Exercise objective
Starting at the first line of the entries below, please return exactly each line up to and including the one with "大きな鏡の付いた洗面化粧台!収納力もあり消耗品などがスッキリ収納できます♪"; pictures stay out.

Extracted data entries
+ + + +
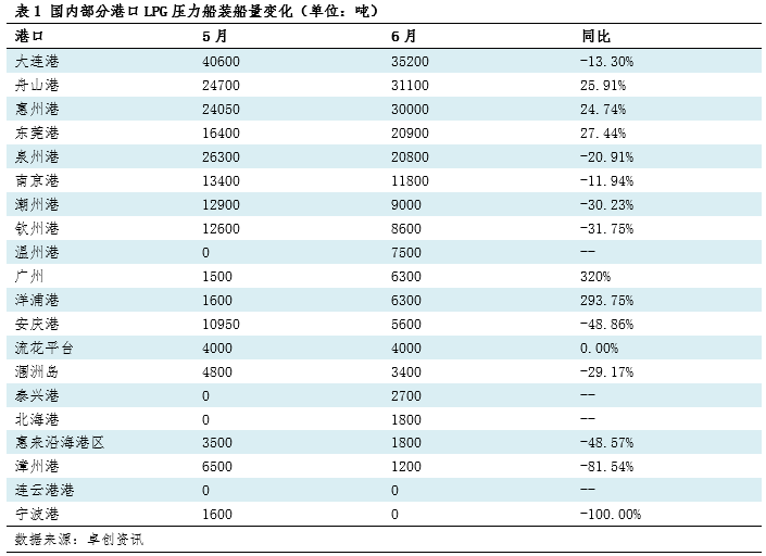 分港口来看,国内炼厂集中检修结束,炼厂供应量增加,另外部分炼厂自用略有减少,导致装船量明显增加,从表1可见,舟山、惠州、洋浦等港口装船量出现明显上升,但需要注意的是钦州港装船量明显下降,因大连港大量装船发往广州,一定程度挤压广西装船量。南京、安庆、泉州等以饱和气以及醚后碳四为主要装船资源的港口装船量也有不同程度下降,因市场需求不佳。
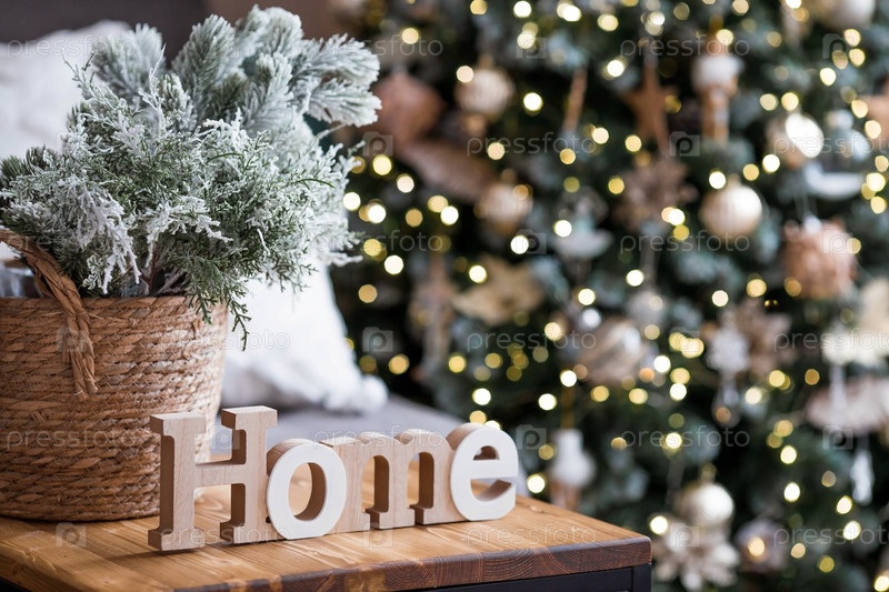 Красивая праздничная открытка. Концепция счастливого Нового года и Рождества 2024 года. Рождественские елки и домашний знак на деревянном столе в уютной гостиной
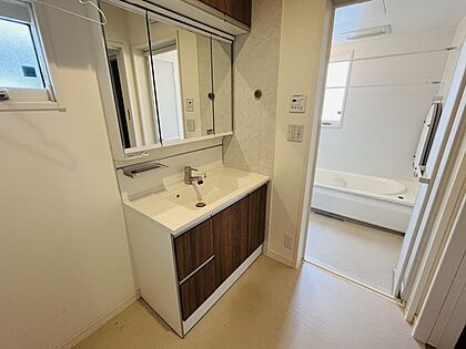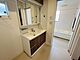 大きな鏡の付いた洗面化粧台!収納力もあり消耗品などがスッキリ収納できます♪
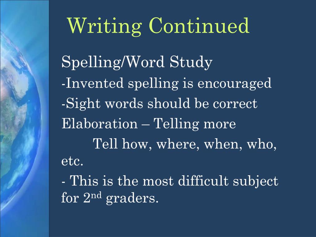Spelling/Word Study -Invented spelling is encouraged -Sight words should be correct Elaboration – Telling more Tell how, where, when, who, etc. - This is the most difficult subject for 2nd graders. Writing Continued
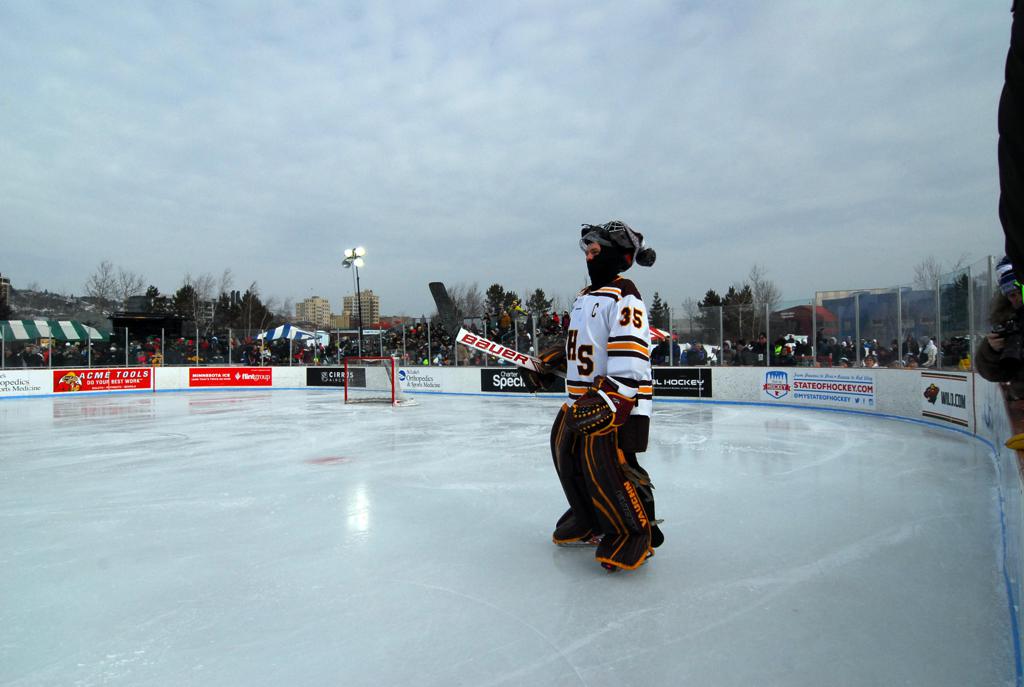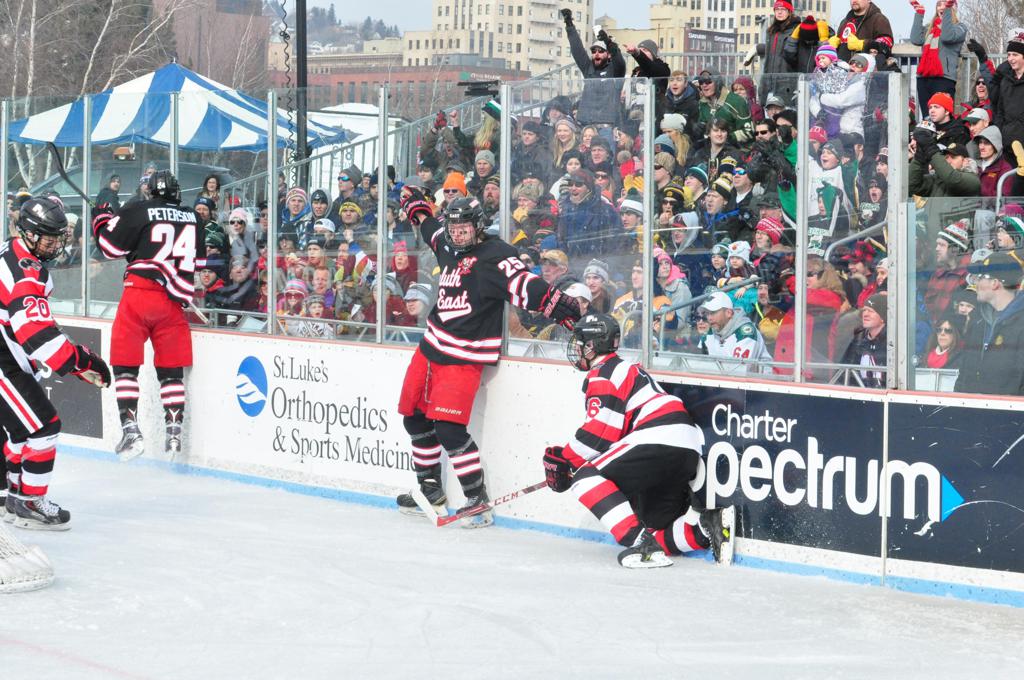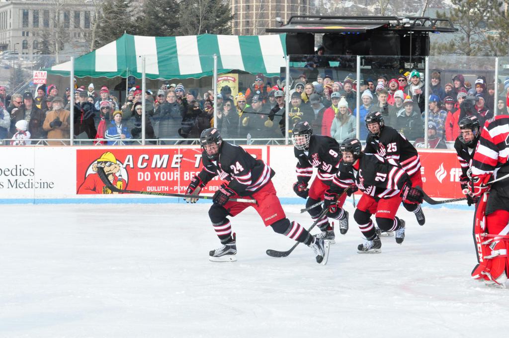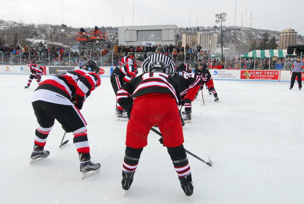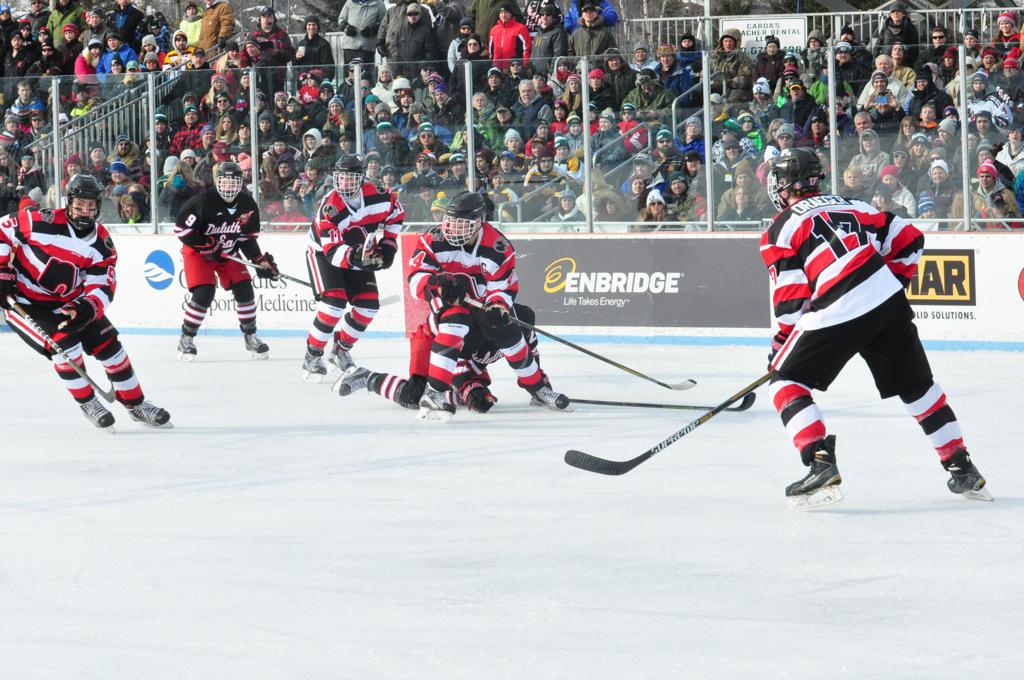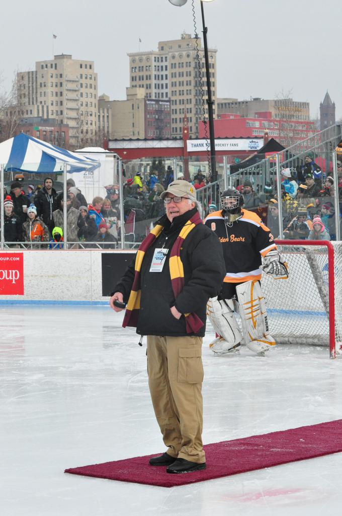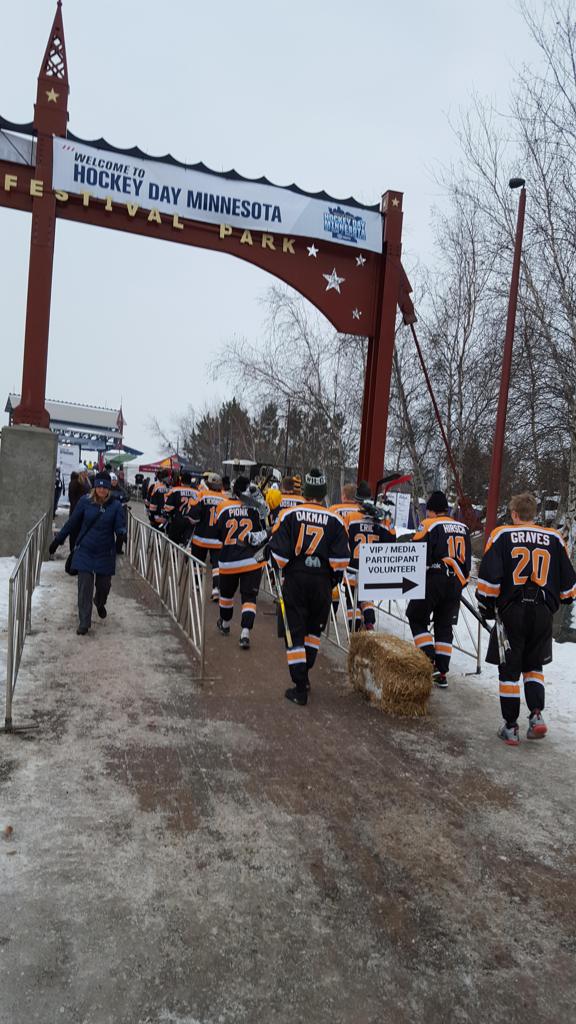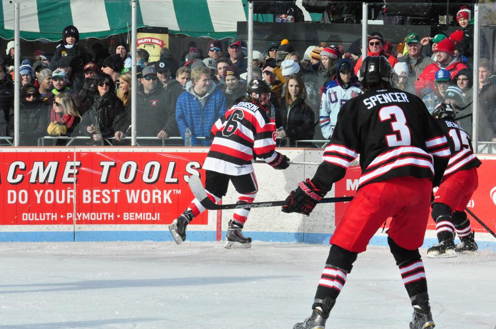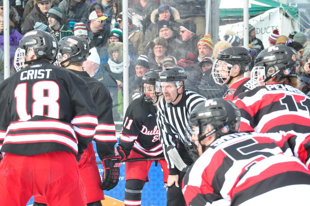 The afternoon marquee game between home-town Greyhounds of Duluth East vs. the visiting Panthers of Lakeville North began with Duluth hockey legends Jerry & Bob Fryberger dropping the ceremonial puck-drop. The game was quite the hard fought close game, between two Class AA powerful schools - both in striking red and black uniforms against the white ice - made for great images on the sunny day. Visiting Lakeville edged East by a close 3-2 regulation win. One thing that was quite odd and rather upsetting about HDM was the long LOUD hovering helicopter with camera man shooting footage through an open side door over the rink and crowd, it was so nousy on-site, spectators and players alike on the ice had a hard time hearing the referee whistles (fans on TV also had a hard time hearing the broadcast as the chopper blades were resonating through the microphones as well). Another quite upsetting thing, that led to collegiate changes going forward was - Duluth UMD Bulldogs Hockey team had a slated HOME game that afternoon - which Amsoil Arena was literally within eye site, and a few paces away by foot of the Duluth Bayfront Park, but were not apart of HDM. Fans at this time on social media started to gripe that this wasn't a Hockey Day Minnesota for all teams across the State - but was merely a Gophers Hockey Day, as the University of Minnesota had participated in every HDM to date. Things were about to change going forward in future years, to showcase ALL of the states Collegiate programs.
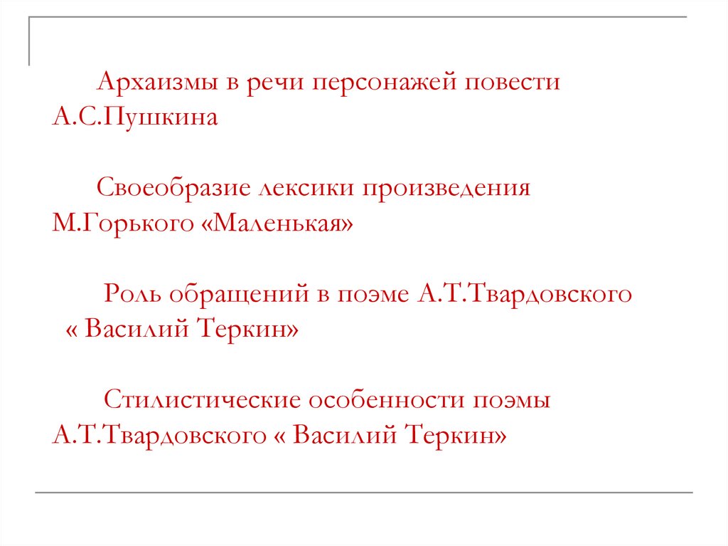 Архаизмы в речи персонажей повестиА.С.Пушкина
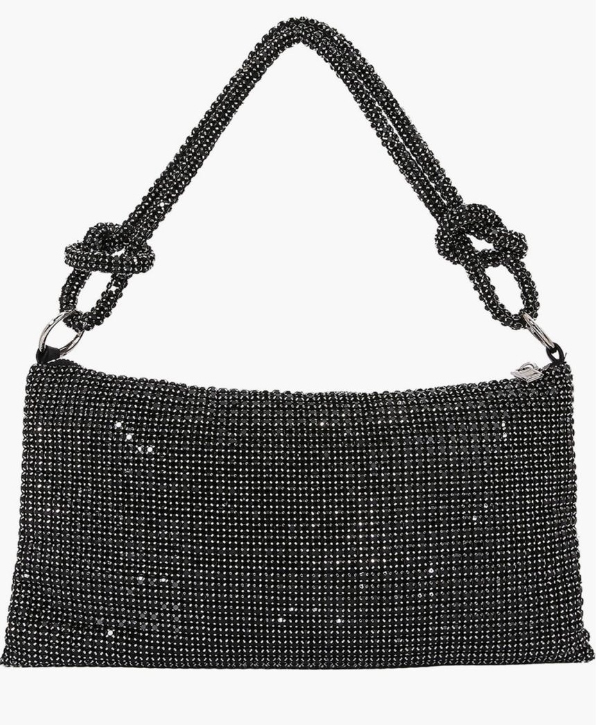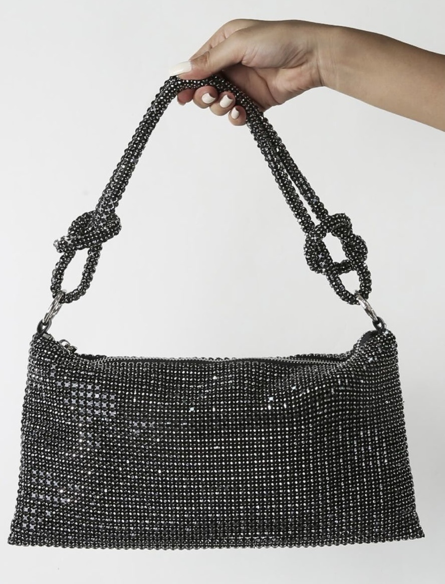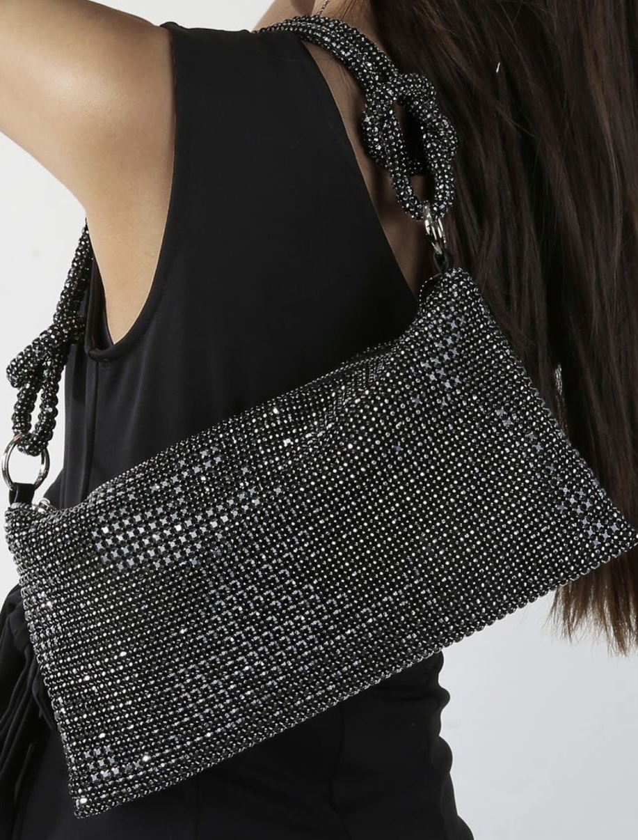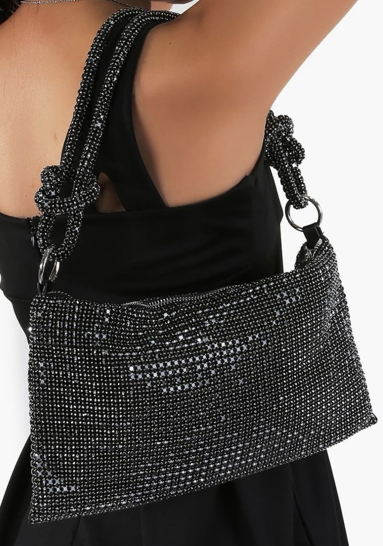 This going-out bag is perfect for a night out, with its diamante embellishments and double knot strap detail. The slouchy, effortless design fits all your essentials without compromising on style. Pair it with some diamante heels for a totally put-together look!
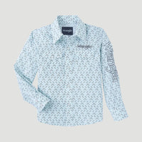 WRANGLER BOYS LOGO SNAP SHIRT - AQUA PRINT
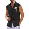 Męska letnia koszula bez rękawów z nadrukiem hawajskim Męska luźna koszula bez rękawów z guzikami
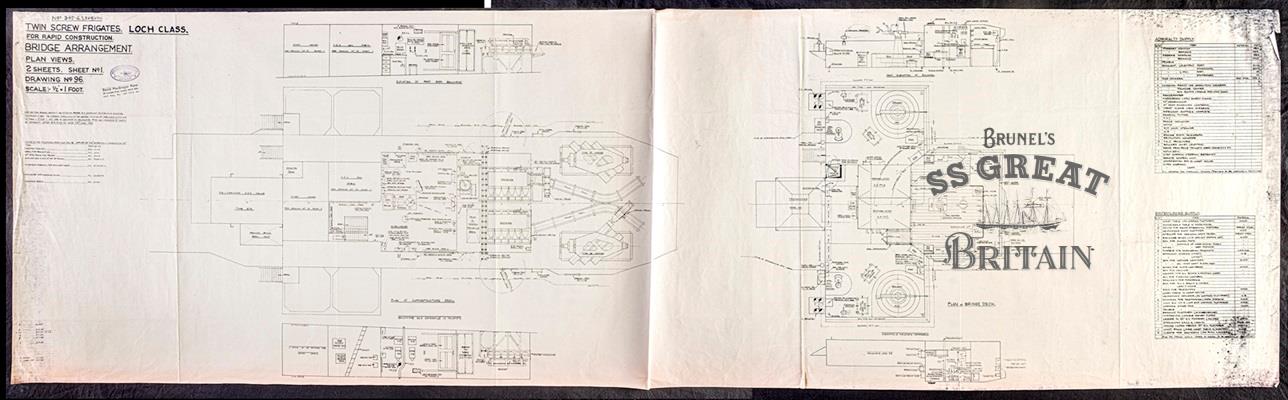 DescriptionLoch Class Frigates Nos.342 and 346-350. General arrangement (plans of superstructure and bridge decks, port side and starboard elevations of bulkhead and bulwark). Scale 1/2 inch to 1 foot. Includes tables of supply items. "Robb Caledon Shipbuilders Ltd" and David MacGregor Plans stamp marks in upper left section of plan.
+ + + +
Task response
 分港口来看,国内炼厂集中检修结束,炼厂供应量增加,另外部分炼厂自用略有减少,导致装船量明显增加,从表1可见,舟山、惠州、洋浦等港口装船量出现明显上升,但需要注意的是钦州港装船量明显下降,因大连港大量装船发往广州,一定程度挤压广西装船量。南京、安庆、泉州等以饱和气以及醚后碳四为主要装船资源的港口装船量也有不同程度下降,因市场需求不佳。
 Красивая праздничная открытка. Концепция счастливого Нового года и Рождества 2024 года. Рождественские елки и домашний знак на деревянном столе в уютной гостиной
 大きな鏡の付いた洗面化粧台!収納力もあり消耗品などがスッキリ収納できます♪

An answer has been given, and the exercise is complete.